Leaving pictures aside, set down each line exactly, from the first line of the data to the line with "Light and bright", both included.

——————————

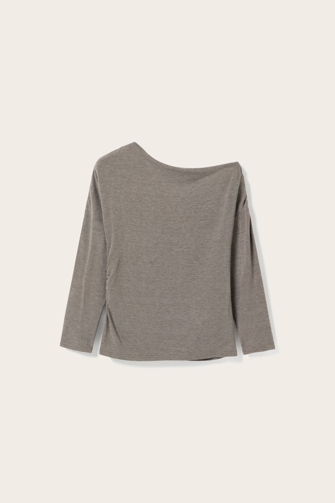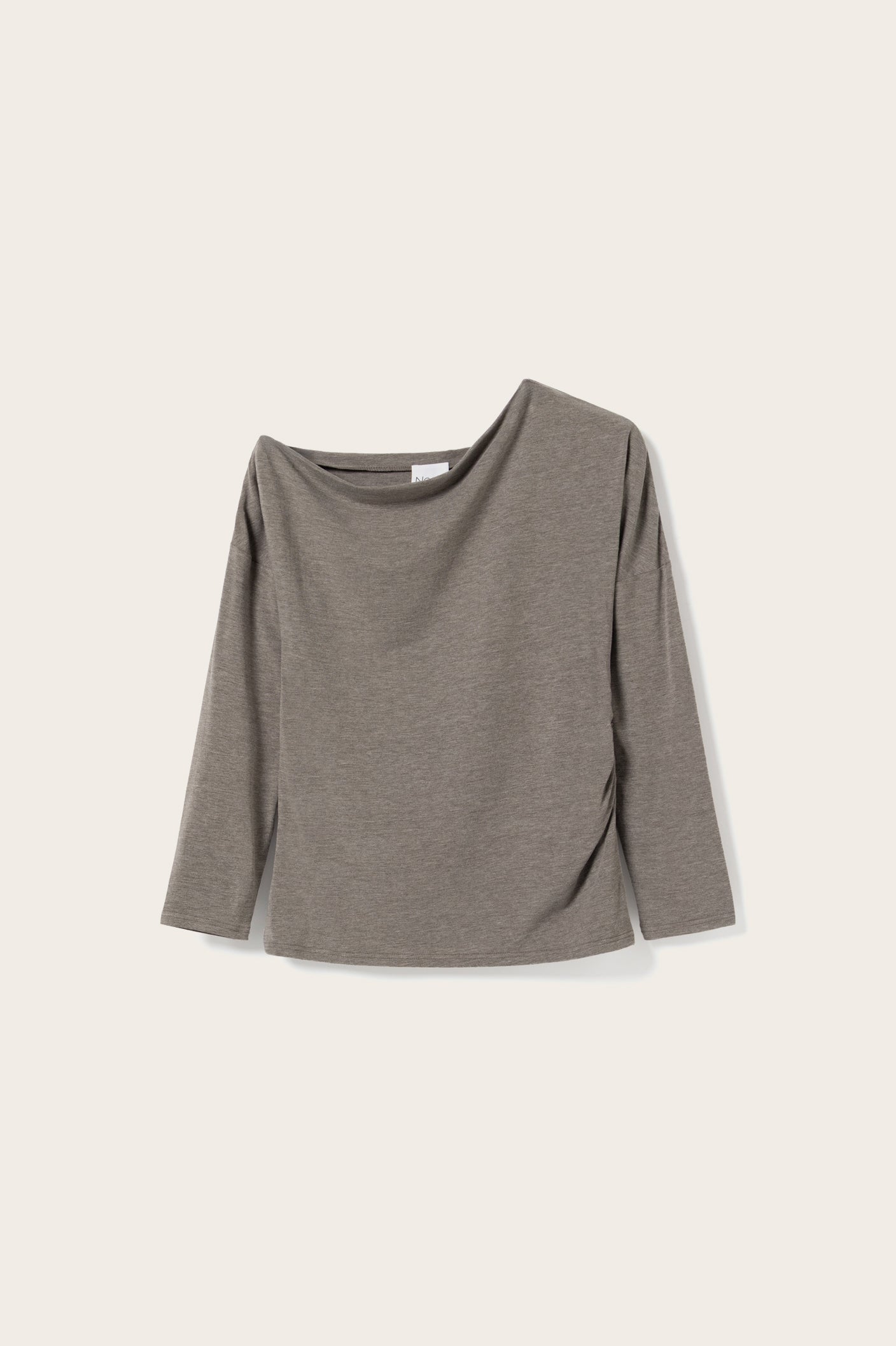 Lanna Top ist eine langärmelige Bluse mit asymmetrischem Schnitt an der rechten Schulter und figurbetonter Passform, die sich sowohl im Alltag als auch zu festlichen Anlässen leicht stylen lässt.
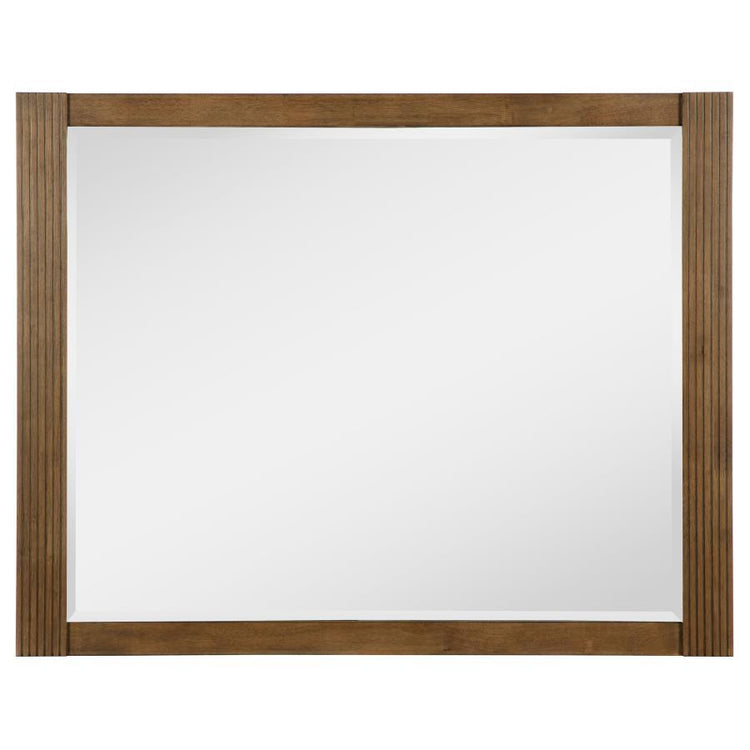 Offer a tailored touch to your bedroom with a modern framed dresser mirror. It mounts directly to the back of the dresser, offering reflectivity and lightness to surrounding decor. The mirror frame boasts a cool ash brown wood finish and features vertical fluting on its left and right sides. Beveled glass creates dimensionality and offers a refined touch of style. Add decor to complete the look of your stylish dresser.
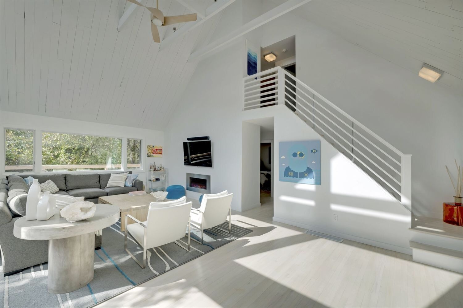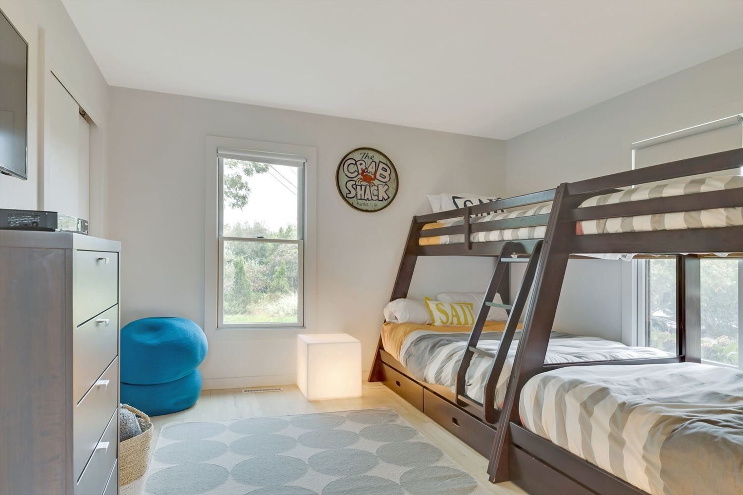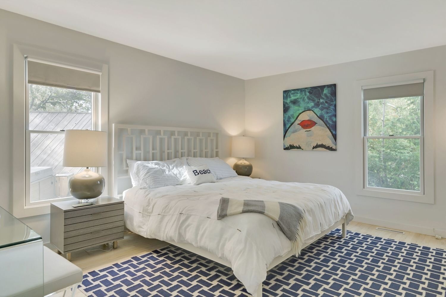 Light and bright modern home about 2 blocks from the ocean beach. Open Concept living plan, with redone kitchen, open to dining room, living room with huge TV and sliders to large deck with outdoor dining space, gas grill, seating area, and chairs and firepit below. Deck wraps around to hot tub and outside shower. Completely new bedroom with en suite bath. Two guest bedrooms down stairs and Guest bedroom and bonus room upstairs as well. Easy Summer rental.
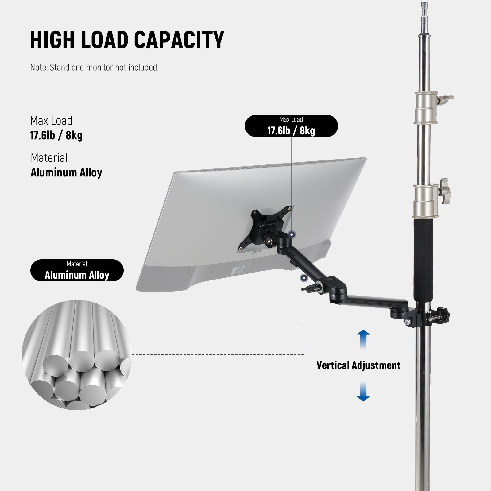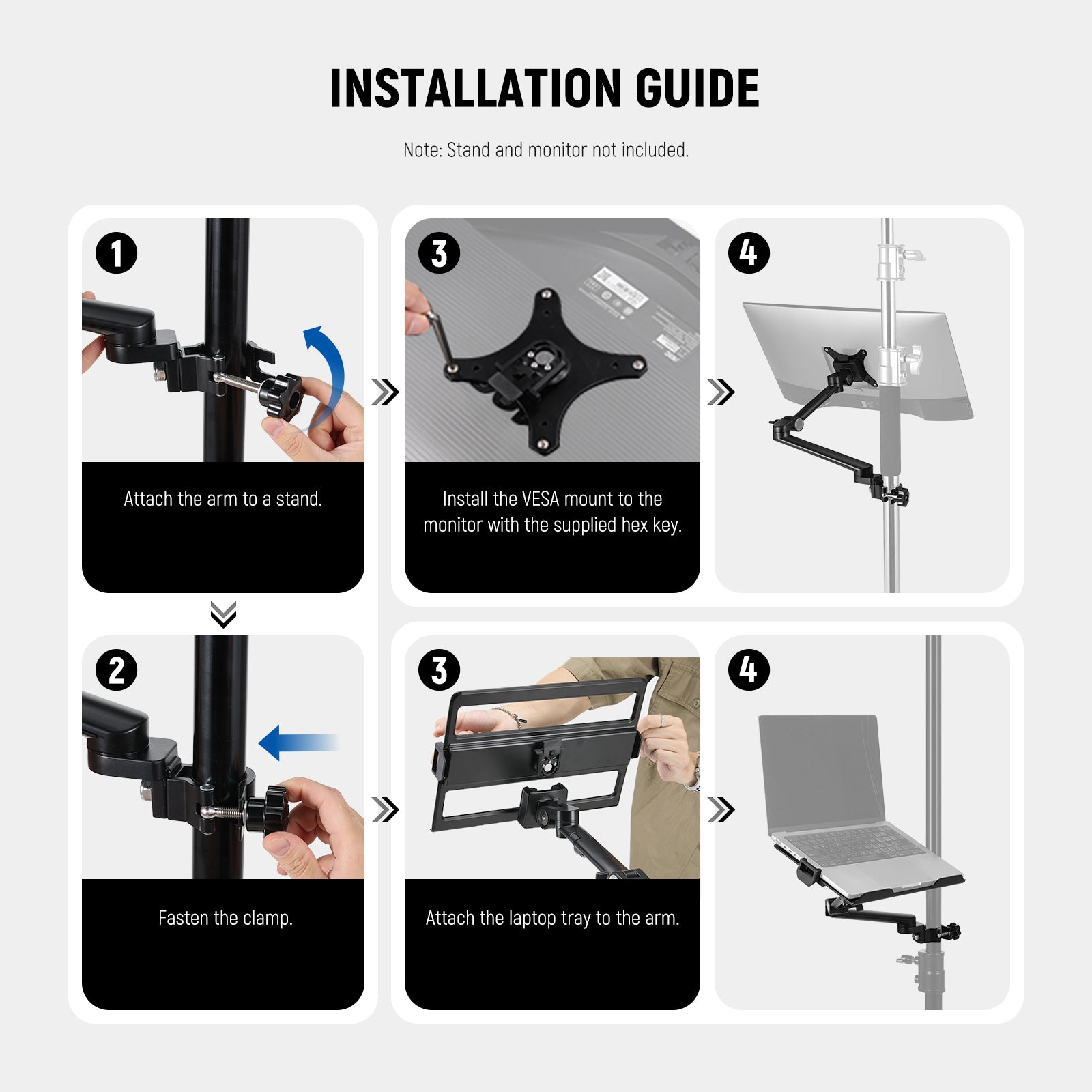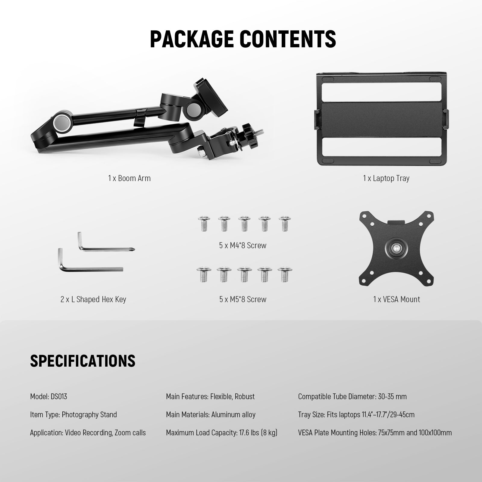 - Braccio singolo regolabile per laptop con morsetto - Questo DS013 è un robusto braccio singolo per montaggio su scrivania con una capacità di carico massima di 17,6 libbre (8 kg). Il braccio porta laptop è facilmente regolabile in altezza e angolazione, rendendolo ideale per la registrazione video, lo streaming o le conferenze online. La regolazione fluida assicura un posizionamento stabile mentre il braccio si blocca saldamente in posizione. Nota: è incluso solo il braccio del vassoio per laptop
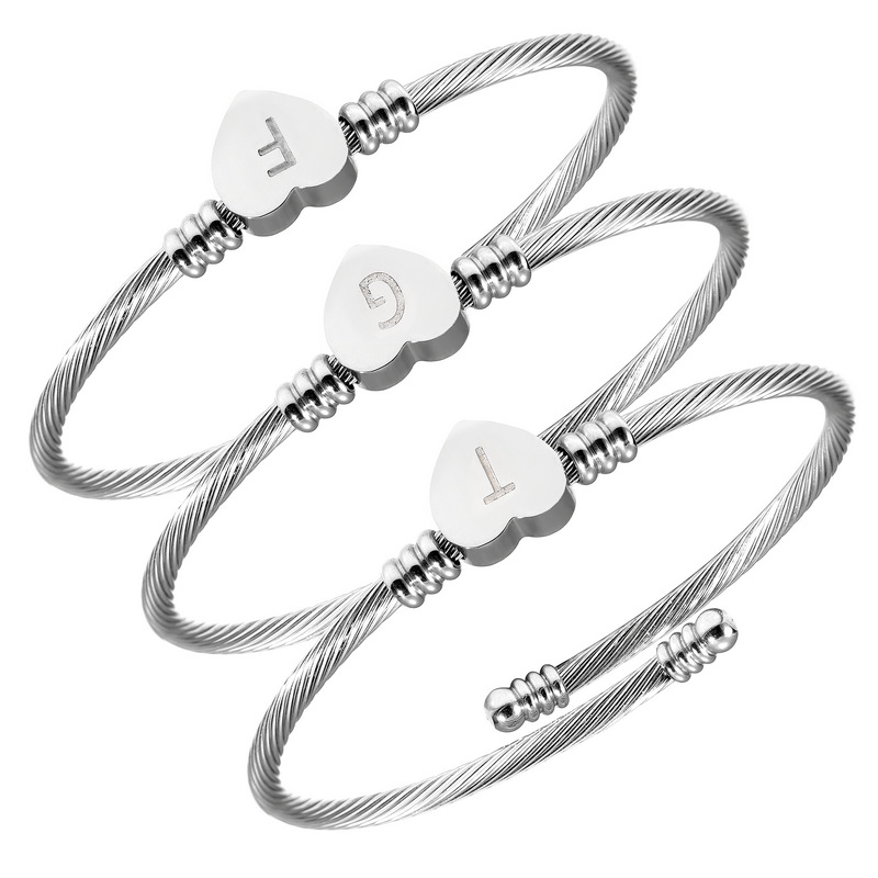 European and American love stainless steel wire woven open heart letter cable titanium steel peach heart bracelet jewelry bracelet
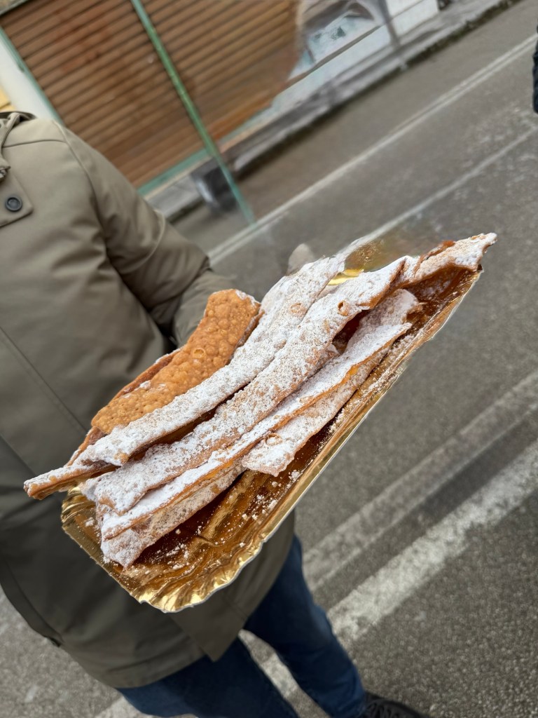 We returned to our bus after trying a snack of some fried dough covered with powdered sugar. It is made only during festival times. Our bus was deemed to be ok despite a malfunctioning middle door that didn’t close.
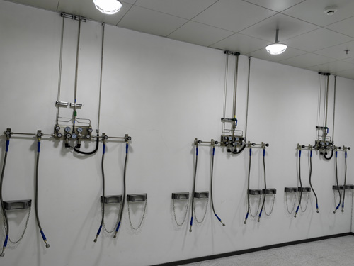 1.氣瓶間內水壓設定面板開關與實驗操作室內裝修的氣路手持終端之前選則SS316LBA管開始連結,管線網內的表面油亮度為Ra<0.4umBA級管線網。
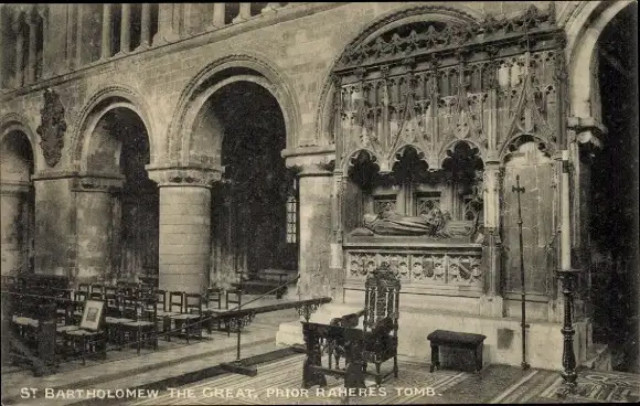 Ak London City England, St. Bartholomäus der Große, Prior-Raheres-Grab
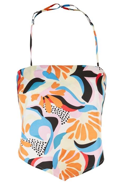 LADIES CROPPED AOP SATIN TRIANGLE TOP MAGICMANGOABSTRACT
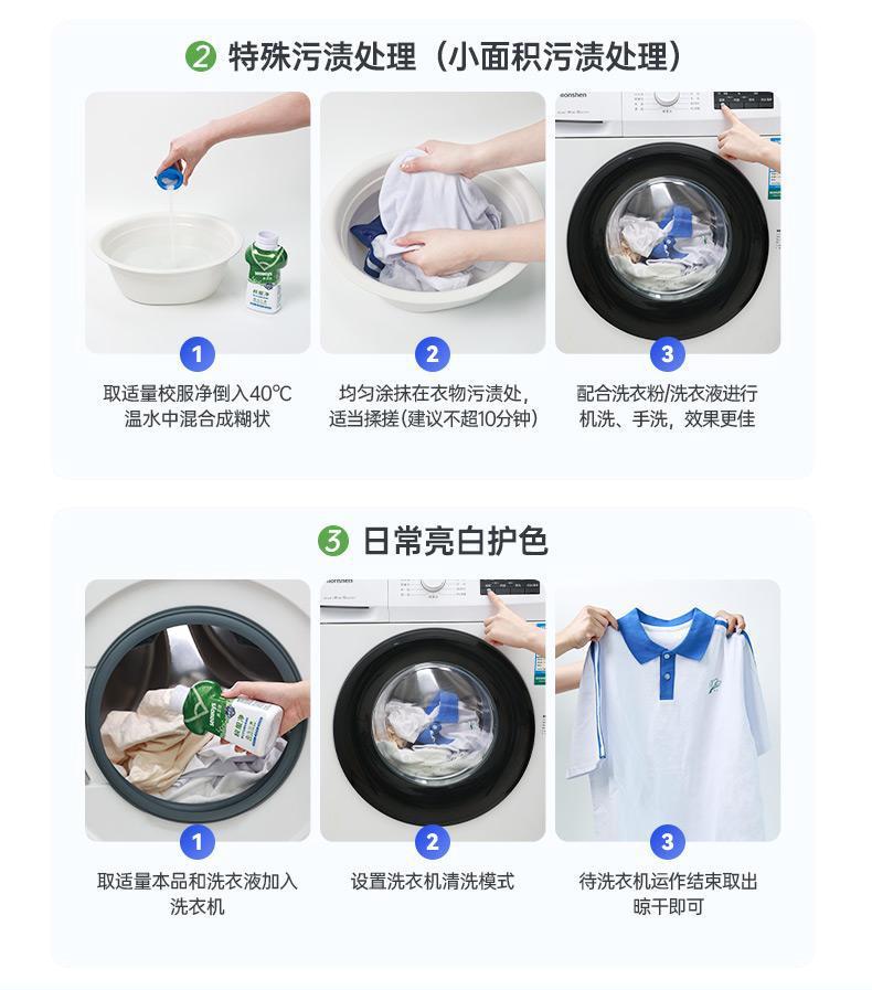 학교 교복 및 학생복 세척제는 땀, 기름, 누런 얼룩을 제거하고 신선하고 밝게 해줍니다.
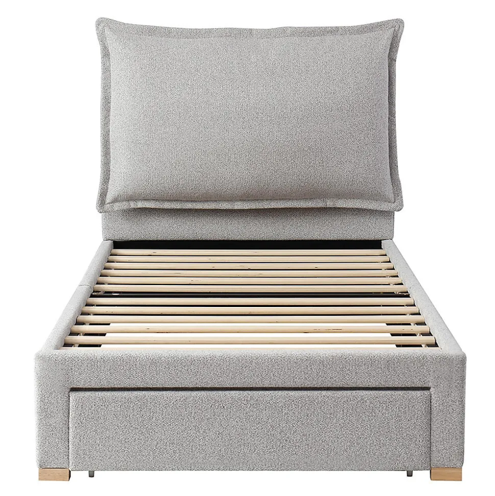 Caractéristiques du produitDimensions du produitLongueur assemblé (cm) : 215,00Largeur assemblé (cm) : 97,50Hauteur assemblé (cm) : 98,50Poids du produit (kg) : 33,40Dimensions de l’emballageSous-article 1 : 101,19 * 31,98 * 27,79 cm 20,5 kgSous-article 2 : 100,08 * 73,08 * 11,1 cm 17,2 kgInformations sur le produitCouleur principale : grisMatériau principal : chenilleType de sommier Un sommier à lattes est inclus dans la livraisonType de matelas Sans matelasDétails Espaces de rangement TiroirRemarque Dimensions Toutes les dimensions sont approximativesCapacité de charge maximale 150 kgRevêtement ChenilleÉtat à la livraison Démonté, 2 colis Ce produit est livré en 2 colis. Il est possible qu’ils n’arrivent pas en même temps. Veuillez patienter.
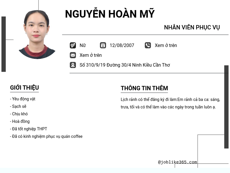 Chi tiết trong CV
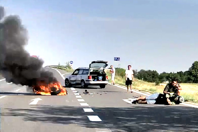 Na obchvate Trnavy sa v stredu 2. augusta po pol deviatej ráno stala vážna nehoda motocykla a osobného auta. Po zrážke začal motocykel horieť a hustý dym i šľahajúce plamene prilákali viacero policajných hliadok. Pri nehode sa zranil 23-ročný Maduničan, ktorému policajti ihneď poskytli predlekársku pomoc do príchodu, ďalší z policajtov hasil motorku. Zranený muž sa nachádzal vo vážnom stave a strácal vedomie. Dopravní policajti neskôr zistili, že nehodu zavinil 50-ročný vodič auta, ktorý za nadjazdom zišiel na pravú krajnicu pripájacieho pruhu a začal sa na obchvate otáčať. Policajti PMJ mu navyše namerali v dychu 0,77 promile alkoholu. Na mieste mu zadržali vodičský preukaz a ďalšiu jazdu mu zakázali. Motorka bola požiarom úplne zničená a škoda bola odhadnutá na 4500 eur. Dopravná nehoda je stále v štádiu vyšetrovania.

——————————

● Response area
 Lanna Top ist eine langärmelige Bluse mit asymmetrischem Schnitt an der rechten Schulter und figurbetonter Passform, die sich sowohl im Alltag als auch zu festlichen Anlässen leicht stylen lässt.
 Offer a tailored touch to your bedroom with a modern framed dresser mirror. It mounts directly to the back of the dresser, offering reflectivity and lightness to surrounding decor. The mirror frame boasts a cool ash brown wood finish and features vertical fluting on its left and right sides. Beveled glass creates dimensionality and offers a refined touch of style. Add decor to complete the look of your stylish dresser.
 Light and bright modern home about 2 blocks from the ocean beach. Open Concept living plan, with redone kitchen, open to dining room, living room with huge TV and sliders to large deck with outdoor dining space, gas grill, seating area, and chairs and firepit below. Deck wraps around to hot tub and outside shower. Completely new bedroom with en suite bath. Two guest bedrooms down stairs and Guest bedroom and bonus room upstairs as well. Easy Summer rental.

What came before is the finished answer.